What needs to be done:
Reproduce nothing beyond the line containing "レイクサイド ホリデー イン". From the first line of the data below down to it, copy each line exactly, without the pictures.

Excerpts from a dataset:
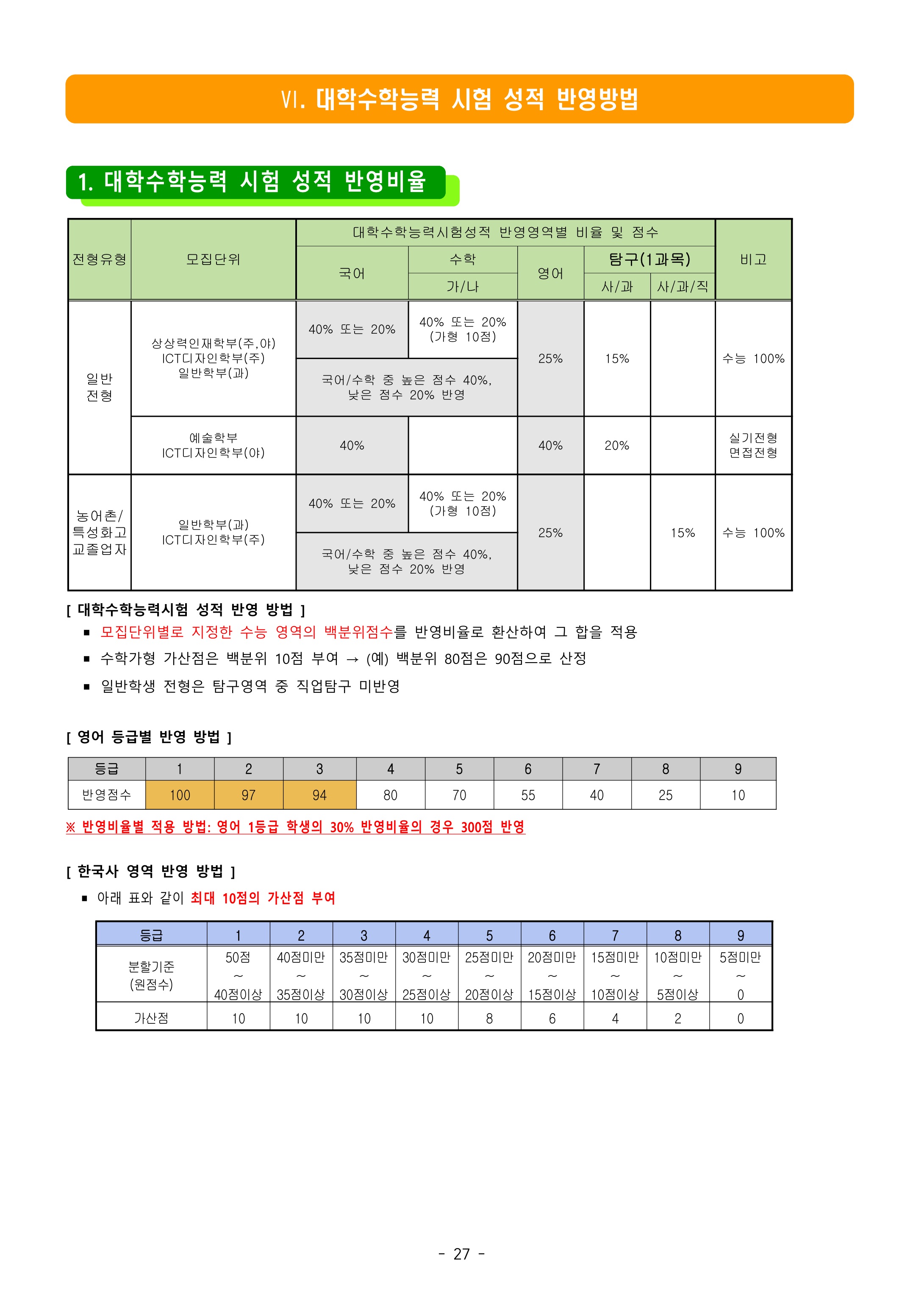 2021학년도 한성대학교 대학수학능력시험 성적 반영방법 2021학년도 한성대학교 정시등급
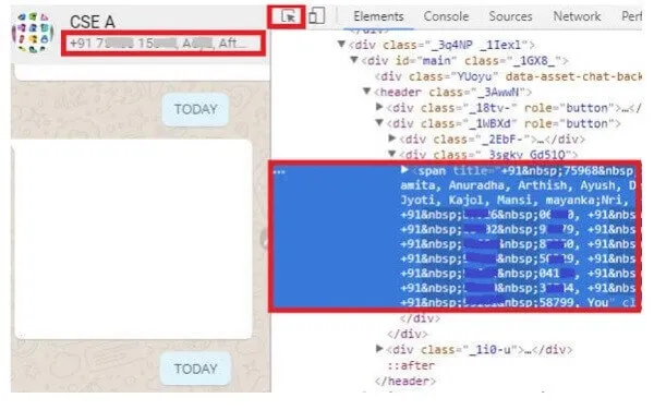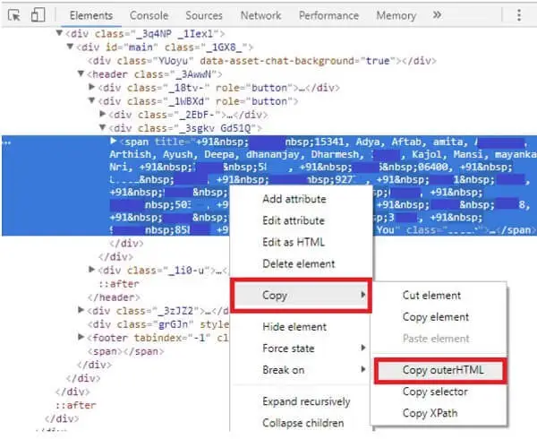 - 9. Αφού βρείτε τις επαφές της ομάδας, πρέπει να τις επιλέξετε και στη συνέχεια να κάνετε δεξί κλικ σε αυτήν την ενότητα. Στη συνέχεια, μπορείτε να επιλέξετε να αντιγράψετε το στοιχείο ή το εξωτερικό HTML των επαφών της ομάδας WhatsApp.
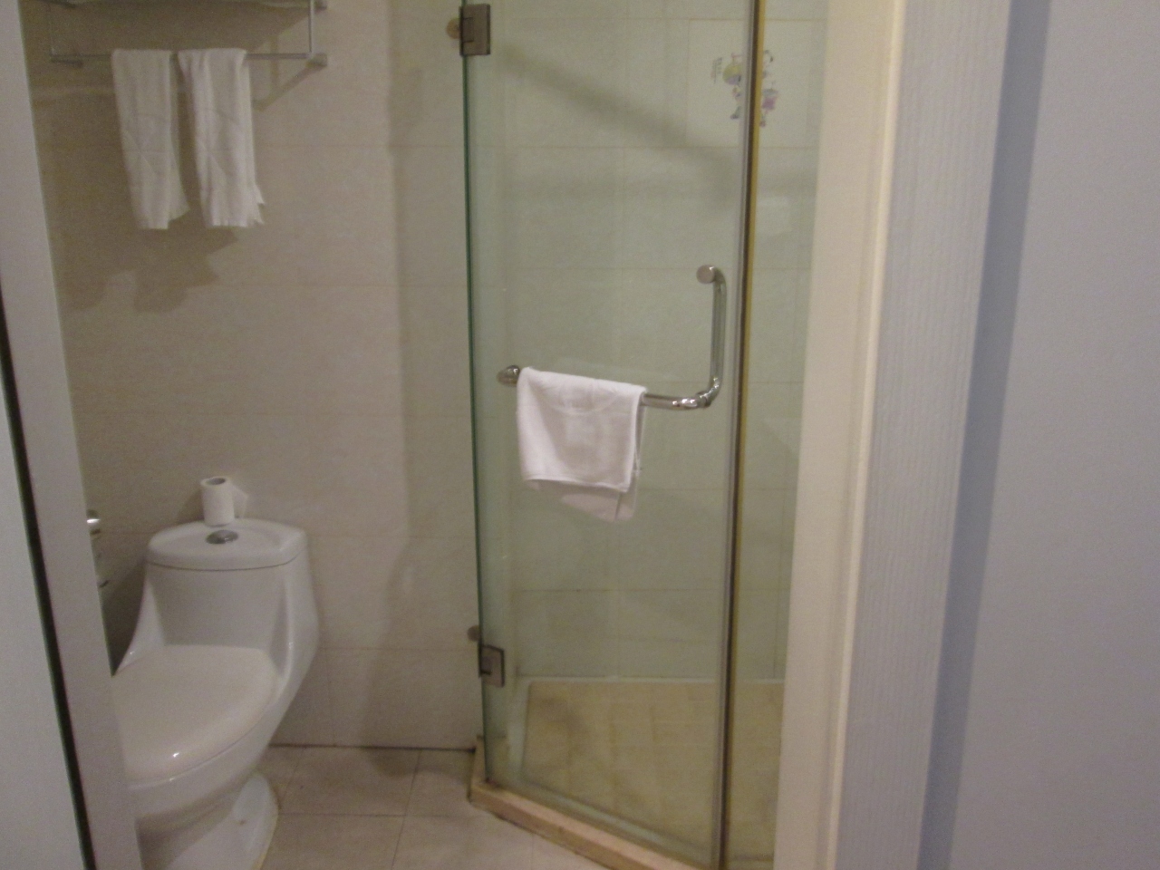レイクサイド ホリデー イン ホテルのシャワールームは、人1ひとりが立って使うような狭いブース型であった。扉で閉まるタイプだったので、上海のエコノミーホテルであるような使用後に便座はトイレルームの床がびしょ濡れになることはなかったので使い勝手は良かった。
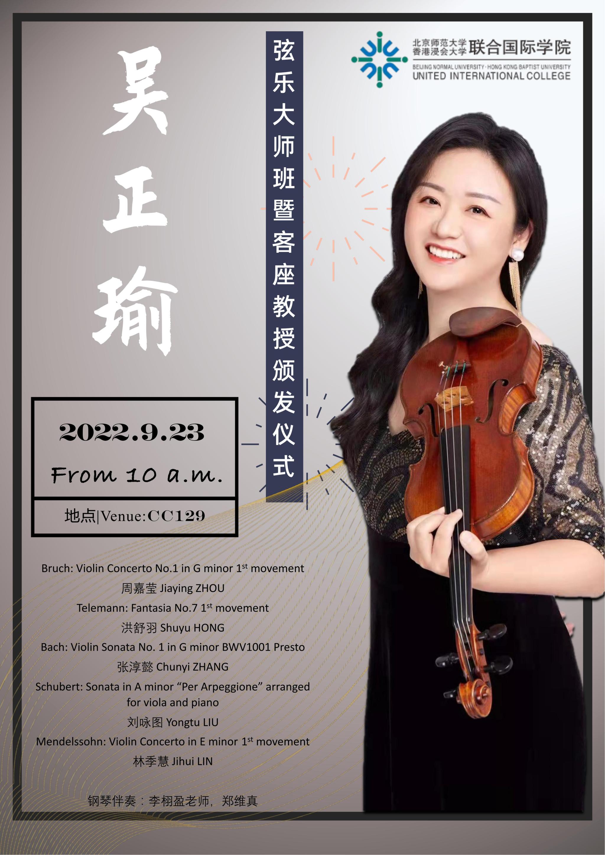 Bio of the Speaker: Learning from Zhonghua SHENG, Jiyang ZHAO, Zhinuo DING, Ivry Gitlis, Zakhar Bron. Ms.Zhengyu WU is former concertmaster of the Shanghai Philharmonic Orchestra and former Guest Concertmaster of the BBC Philharmonic Orchestra (2010). Bachelor's degree of Shanghai Conservatory of Music, winner of Golden Bell Award, winner of Fu Chengxian Scholarship. Master's degree of the Royal Northern Conservatory of Music, Winner of the Royal College of Music Joint Board A and other full scholarship recipients for two consecutive years.
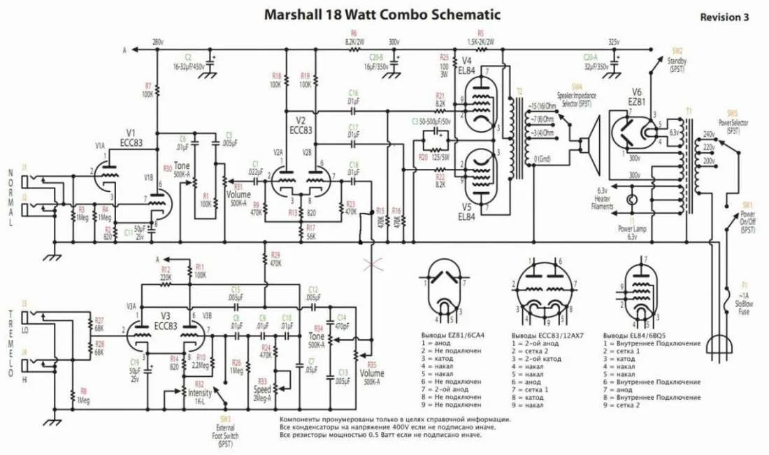 Все же я выбрал схему усилителя Marshall 18 Watt.
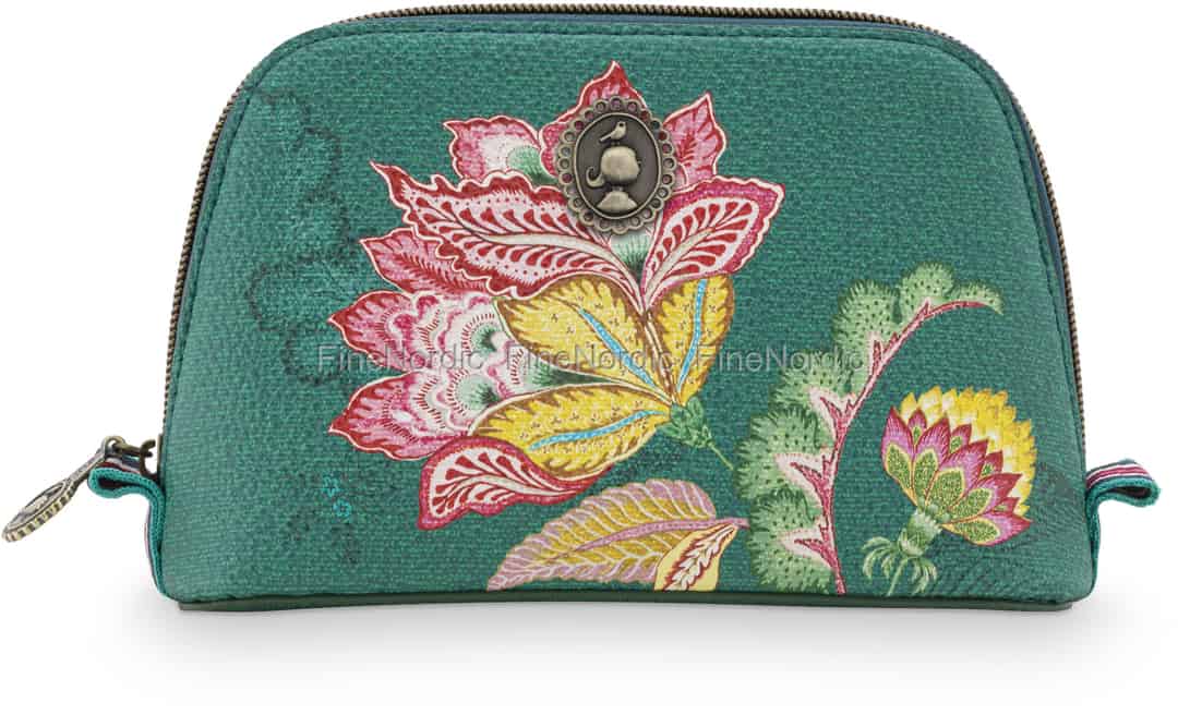 Bewahren Sie Ihr Make-up sicher in dieser gut aussehenden kleinen Kosmetiktasche Jambo Flower Green von Pip Studio auf. Der grüne Kulturbeutel ist mit exotischen Blumen und einem emaillierten Pip Studio Emblem verziert. Sie können ihn leicht an seinem Messingreißverschluss öffnen und schon sehen die verschiedenen Innentaschen, in denen Sie Ihre Schönheitsartikel schön organisieren können. Die Kosmetiktasche besteht aus wasserabweisendem Kunstleder und das Futter ist ebenfalls wasserabweisend. Der kleine Kosmetikbeutel kann problemlos in einer Handtasche oder einer Reisetasche aufbewahrt werden, falls Sie die Nacht woanders verbringen möchten. Das hübsche grüne Muster der Jambo Blume ist auch auf anderen Toilettenartikeln zu sehen, welche Sie alle in unserem Webshop finden können.

Output:
 2021학년도 한성대학교 대학수학능력시험 성적 반영방법 2021학년도 한성대학교 정시등급
 - 9. Αφού βρείτε τις επαφές της ομάδας, πρέπει να τις επιλέξετε και στη συνέχεια να κάνετε δεξί κλικ σε αυτήν την ενότητα. Στη συνέχεια, μπορείτε να επιλέξετε να αντιγράψετε το στοιχείο ή το εξωτερικό HTML των επαφών της ομάδας WhatsApp.
レイクサイド ホリデー イン ホテルのシャワールームは、人1ひとりが立って使うような狭いブース型であった。扉で閉まるタイプだったので、上海のエコノミーホテルであるような使用後に便座はトイレルームの床がびしょ濡れになることはなかったので使い勝手は良かった。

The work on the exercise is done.